Problem details> Return exactly the lines from the start of the records below through the line containing "我创作了一幅《国宝战疫》的作", both ends included, and leave out the pictures.

(Available data)

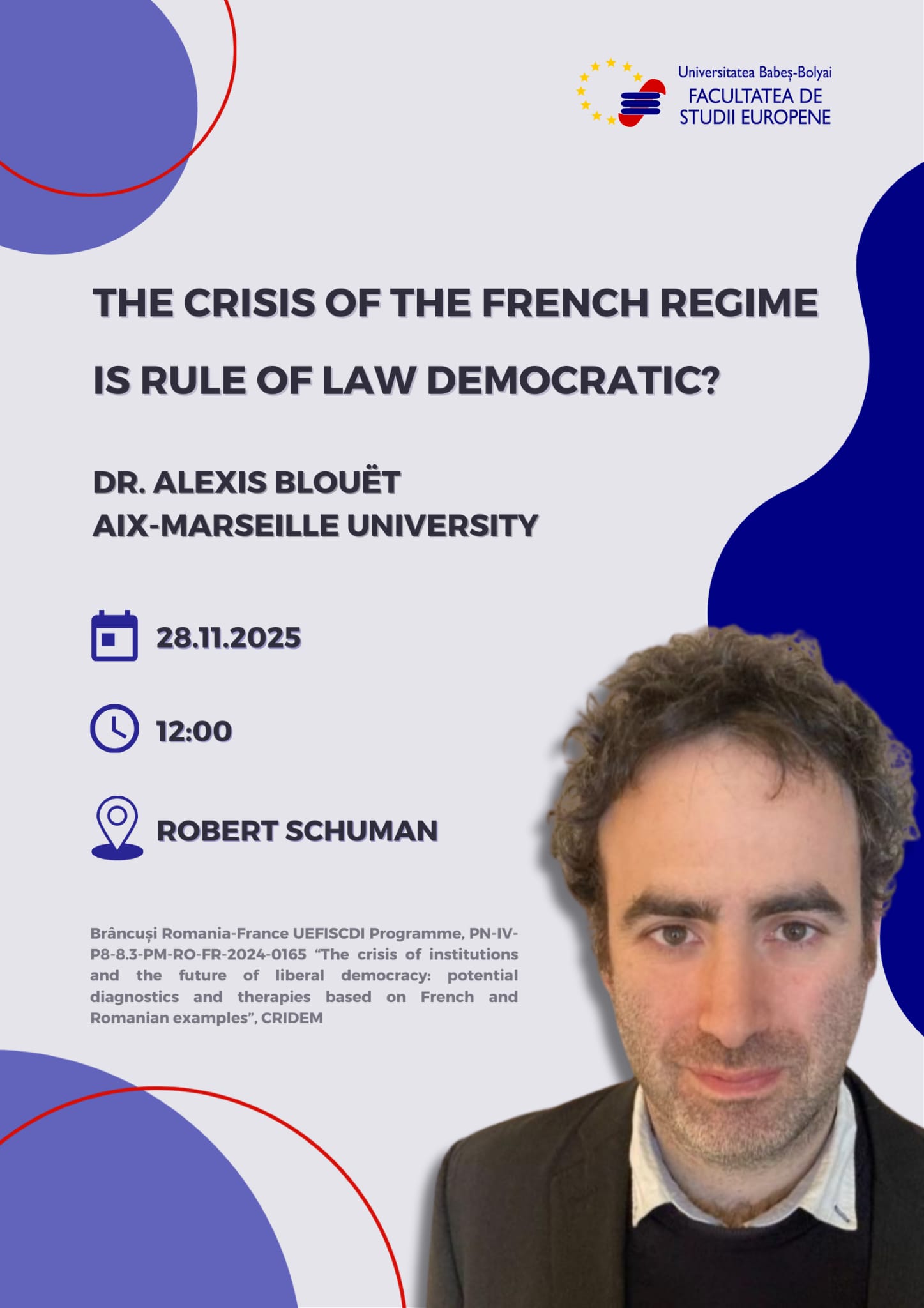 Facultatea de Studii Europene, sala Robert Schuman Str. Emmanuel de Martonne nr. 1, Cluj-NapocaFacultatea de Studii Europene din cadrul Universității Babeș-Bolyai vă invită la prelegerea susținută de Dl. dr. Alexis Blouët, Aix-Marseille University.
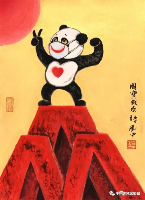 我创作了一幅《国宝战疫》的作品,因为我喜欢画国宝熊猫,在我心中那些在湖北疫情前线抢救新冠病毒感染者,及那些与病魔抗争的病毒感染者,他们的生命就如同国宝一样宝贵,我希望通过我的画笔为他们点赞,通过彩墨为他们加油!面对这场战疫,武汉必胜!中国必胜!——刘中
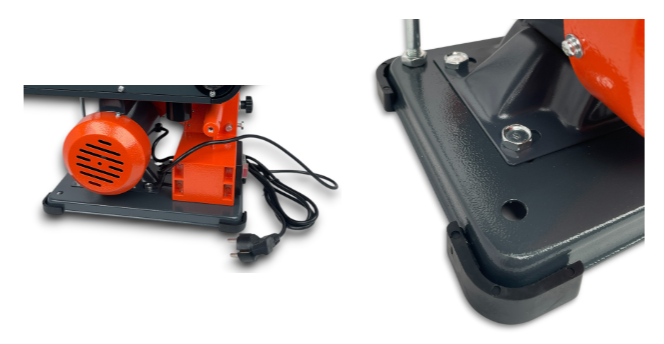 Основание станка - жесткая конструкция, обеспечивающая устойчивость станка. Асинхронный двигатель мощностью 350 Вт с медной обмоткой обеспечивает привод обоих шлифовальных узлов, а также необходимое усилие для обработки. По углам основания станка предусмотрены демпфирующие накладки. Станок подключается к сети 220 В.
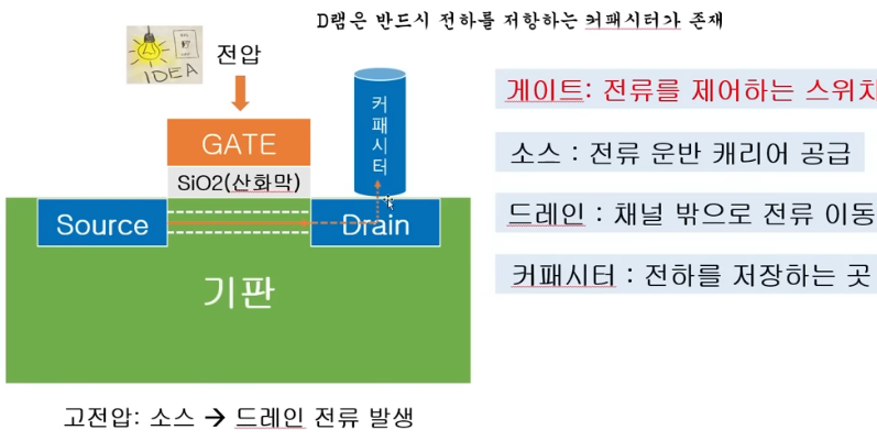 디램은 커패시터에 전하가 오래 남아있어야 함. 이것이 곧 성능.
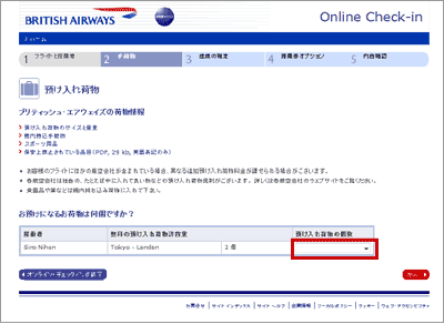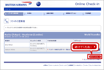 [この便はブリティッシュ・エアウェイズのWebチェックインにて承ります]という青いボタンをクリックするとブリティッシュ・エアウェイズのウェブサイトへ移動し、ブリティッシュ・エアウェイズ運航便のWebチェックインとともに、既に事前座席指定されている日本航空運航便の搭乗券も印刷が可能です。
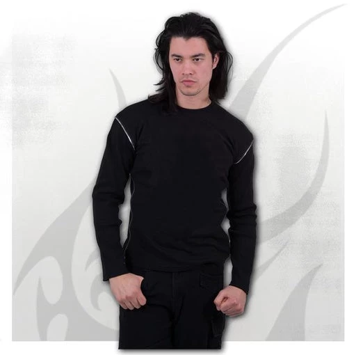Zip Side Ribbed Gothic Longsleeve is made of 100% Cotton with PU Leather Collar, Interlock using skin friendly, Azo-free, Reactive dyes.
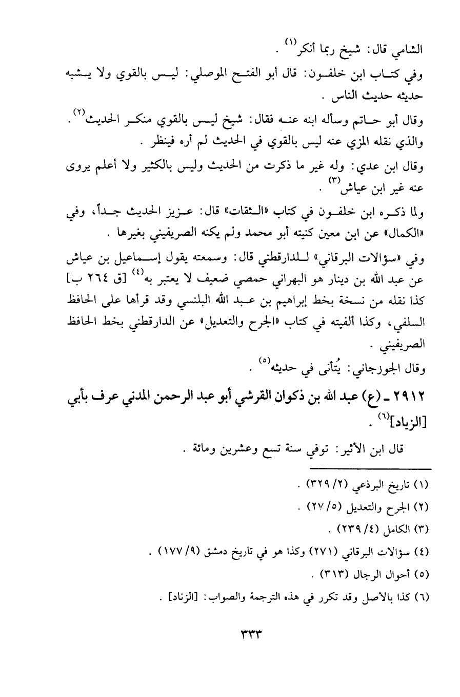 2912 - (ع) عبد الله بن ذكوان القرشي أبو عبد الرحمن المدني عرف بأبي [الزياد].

(End Available data)

Output for this task>
 Facultatea de Studii Europene, sala Robert Schuman Str. Emmanuel de Martonne nr. 1, Cluj-NapocaFacultatea de Studii Europene din cadrul Universității Babeș-Bolyai vă invită la prelegerea susținută de Dl. dr. Alexis Blouët, Aix-Marseille University.
 我创作了一幅《国宝战疫》的作品,因为我喜欢画国宝熊猫,在我心中那些在湖北疫情前线抢救新冠病毒感染者,及那些与病魔抗争的病毒感染者,他们的生命就如同国宝一样宝贵,我希望通过我的画笔为他们点赞,通过彩墨为他们加油!面对这场战疫,武汉必胜!中国必胜!——刘中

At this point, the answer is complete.